Asa Briggs has been associated with History Today from its beginning. In an interview to celebrate our 60th anniversary, he tells Paul Lay about his involvement with it, his new book on his days as a cryptographer and his passion for Blackpool.

The steep cobbled street outside Asa Briggs’ home in the Sussex market town of Lewes is awash with rain when I arrive on a grim Friday lunchtime. But the misery doesn’t last long. While Susan, his wife of more than 50 years and herself a distinguished academic, takes my sodden coat and collapsing umbrella, Asa appears in the hallway. Though in his 90th year, this warmest and most open of men still has the eager expression of one decades younger.

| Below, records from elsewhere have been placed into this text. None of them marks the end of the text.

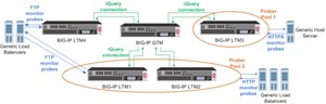 这里边详细介绍了F5 GTM的运作原理,以及出现了下边的图片,这个部分引起了我的担忧,当链路的GTM失效之后,因为GTM与LTM连接的子服务器以及子终端因为不在同一个网段中而无法进行工作:
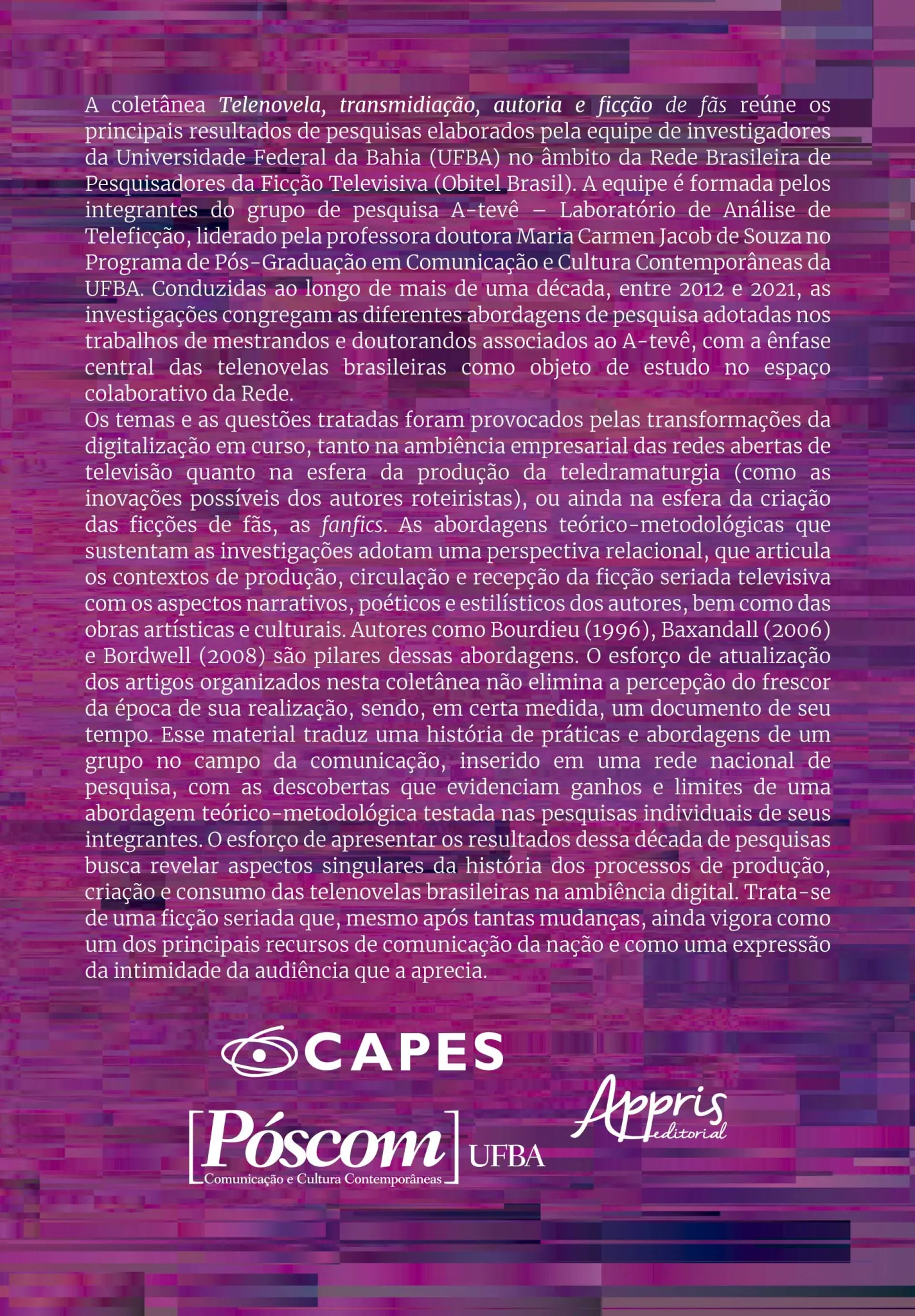 A coletânea Telenovela, transmidiação, autoria e ficção de fãs reúne os principais resultados de pesquisas elaborados pela equipe de investigadores da Universidade Federal da Bahia (UFBA) no âmbito da Rede Brasileira de Pesquisadores da Ficção Televisiva (Obitel Brasil). A equipe é formada pelos integrantes do grupo de pesquisa A-tevê – Laboratório de Análise de Teleficção, liderado pela professora doutora Maria Carmen Jacob de Souza no Programa de Pós-Graduação em Comunicação e Cultura Contemporâneas da UFBA. Conduzidas ao longo de mais de uma década, entre 2012 e 2021, as investigações congregam as diferentes abordagens de pesquisa adotadas nos trabalhos de mestrandos e doutorandos associados ao A-tevê, com a ênfase central das telenovelas brasileiras como objeto de estudo no espaço colaborativo da Rede.
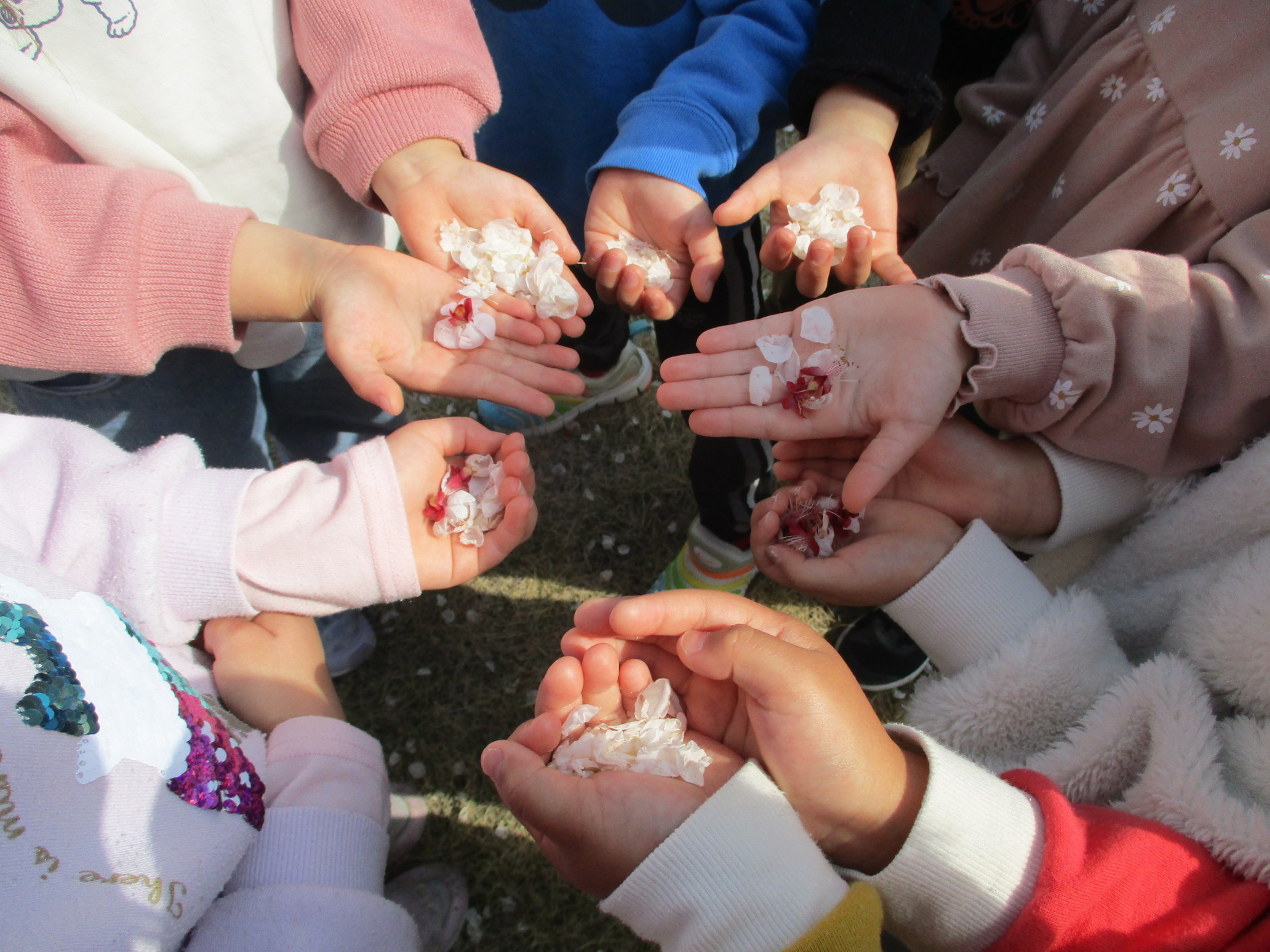 花の香りに誘われて・・・🌸 園内にあるあんずの木が満開になりました 下には花びらが沢山落ちていましたよ 子どもたちは嬉しそうに集めていました 持って帰りたいね・・・と話すお友だち 見て!こんなに沢山拾えたよ!! カテゴリー: 投稿日:2026年03月24日 次へ
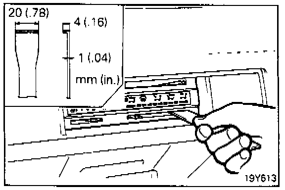 2. Insert the tool shown in the illustration into the lever hole of the heater control panel, and pull to remove. Remove the connector for the control panel light.
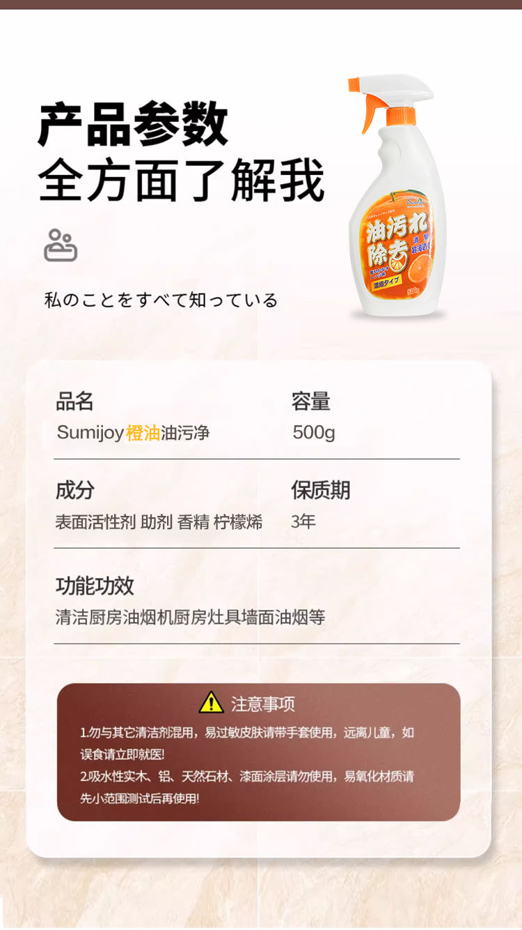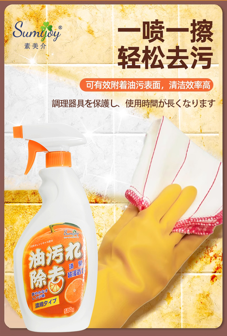 Sumijoy素美介厨房抽油烟机橙油清洗剂强力去油污净除油垢去油 500g/瓶

‘Would you like a drink?’ he asks.

‘I’ll have what you’re having,’ I reply, expecting a small glass of wine, perhaps. Instead I am served a large glass of neat vodka ornamented with a couple of ice cubes. Baron Briggs of Lewes, the authority on the Victorians, may share their work ethic, but he lacks their puritanism.

We sit and chat around what looks like a bridge table in a small room whose walls are covered by a richly detailed mural.

‘They’re scenes from our lives, by Julia Rushbury’, he informs me. ‘She’s the daughter of Sir Henry Rushbury, the former keeper of the Royal Academy. We were the first people to employ her. It made its way into World of Interiors.’